Dimensionality = 100, then using a subset of 10 for similarity measure.
Random degree = 10.
Sentences (s) are built from word (w) context vectors by summing them into a sentence vector s, then dividing by the total length of s --> |s|.
Sentence pairs, s1 and s2 are combined into a single feature vector x, which in turn is used as input to the feature selection function H.
x was created using different combination methods:
sumdiff, concat, product, crossprod, crossdiff, absdiff.
Used two different algorithms (RankBoost and RtRank tested separately) for only including a subset of features from the combined sentence vectors that where of importance to a given sentence comparison, using the H function.
Text resources for training VSM: GigaWord English corpus.
Preprocessing: Stripping for tags. Removing punktuations. Lowercasing.
Other similarity measures: No
Vector similarity measure: Cosine similarity function, limiting to the features selected by H.
sranjans : Semantic Textual Similarity using Maximal Weighted Bipartite Graph Matching
(STARSEM-SEMEVAL085.pdf)
Task #: 6, STS.
Rank, best of their three systems: 24 with the All Rank (of 89) 8 with the Weighted Mean Rank (of 89).
Concept: Find maximal weithed pipartite match between the tokens (terms) of two sentences.
Method(s) for building the VSM(s): DISCO tool, Term-term matrix ~> second order co-occurrence ("LSI-like behaviour").
Text resources for training VSM: DISCO tool with pre-trained word space from English Wikipedia word space.
Preprocessing: NER (entities, times, dates, monetary, etc.). Stopword removal using the list from the NLTK Toolkit. Lemmatization using Stanford CoreNLP Toolkit.
Other similarity measures: WordNet + VSM – Edge weight between every token/term pair in the two sentences. WordNet similarity measure: Lin word-sense similarity measure. Maximal weighted bipartite match is found for the pipartite graph using the Hungarian Algorithm (Kuhn, 1955). <--? With normalization. sim(s1, s2) = MaximalBipartiteMatchSum(s1,s2) / max(tokens(s1), tokens(s2))

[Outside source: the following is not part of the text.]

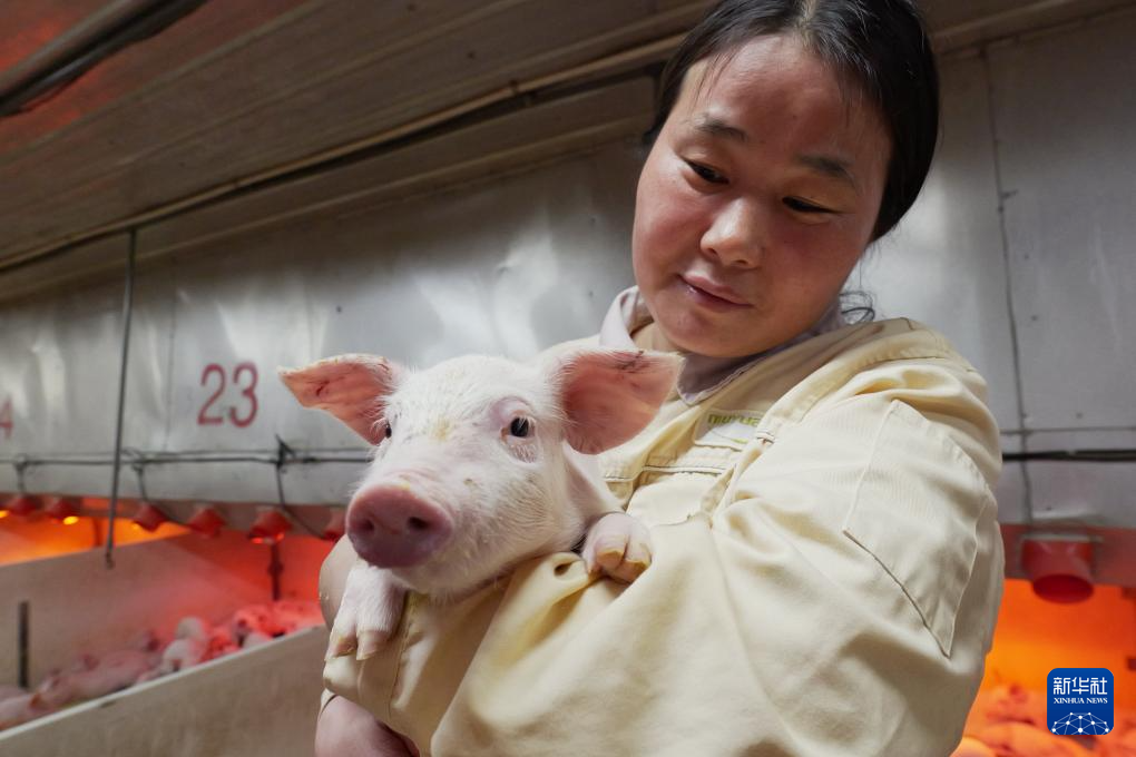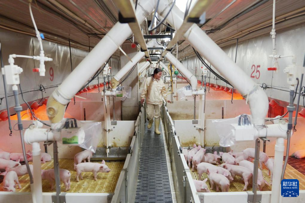 工作人员在内乡牧原肉食产业综合体仔猪段查看仔猪的生长情况(3月21日摄)。位于河南省南阳市的牧原集团近年来持续在养殖智能化等方面“下功夫”,在传统养殖业推出空气过滤猪舍等“黑科技”,用技术创新打开养殖业新空间。

Vector similarity measure: Cosine similarity function.
Other notes: WordNet performs bad on cross-PoS similarity matching
Weiwei: A Simple Unsupervised Latent Semantic based Approach for Sentence Similarity
(STARSEM-SEMEVAL086.pdf)
Task #: 6, STS.
Rank: 20 (of 89).
Concept: Using BOW – exploit that missing words from a sentence can tell something about what the sentence is not about...

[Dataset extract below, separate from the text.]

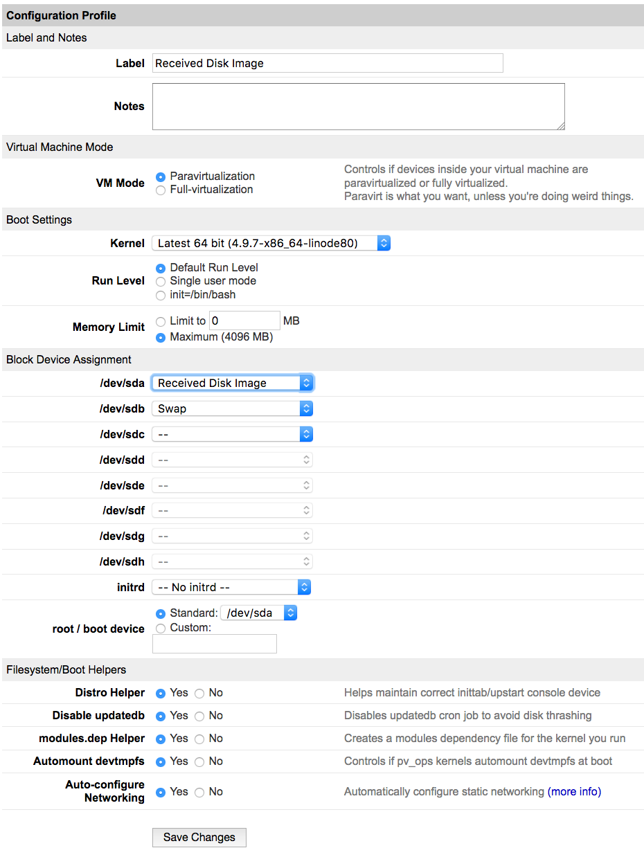 The boot the receiving Linode from the transferred disk, you’ll need to create a new configuration profile. Here’s how:

Method(s) for building the VSM(s): Weighted matrix factorization approach (Srebro and Jaakkola, 2003). Weighted Textual Matrix Factorization - WTMF (novel model) TF-IDF on the word-sentence matrix. TF-IDF value estimates the importance of a word in a sentence. Creates sentence vectors of the task-related sentences by using a specific transformation and weighting equation.
Text resources for training VSM: WordNet. Wiktionary. Brown corpus.
Preprocessing: Tokenization. PoS tagging. Lemmatization. Then the lemma that is most frequent according to WordNet::Data is used.
Other similarity measures:
Vector similarity measure: Cosine similarity function.
Other notes: Dataset for word/sense (sentence?) similarity measure: LI06 (Li et al., 2006).
UNIBA: Distributional Semantics for Textual Similarity
(STARSEM-SEMEVAL087.pdf)
Task #: 6, STS.
Rank: 41 (RI only) (of 89).
Concept: Comparing RI, RI_permutation (RP) and LSA. Sentence-vectors are built using word context vector summarization.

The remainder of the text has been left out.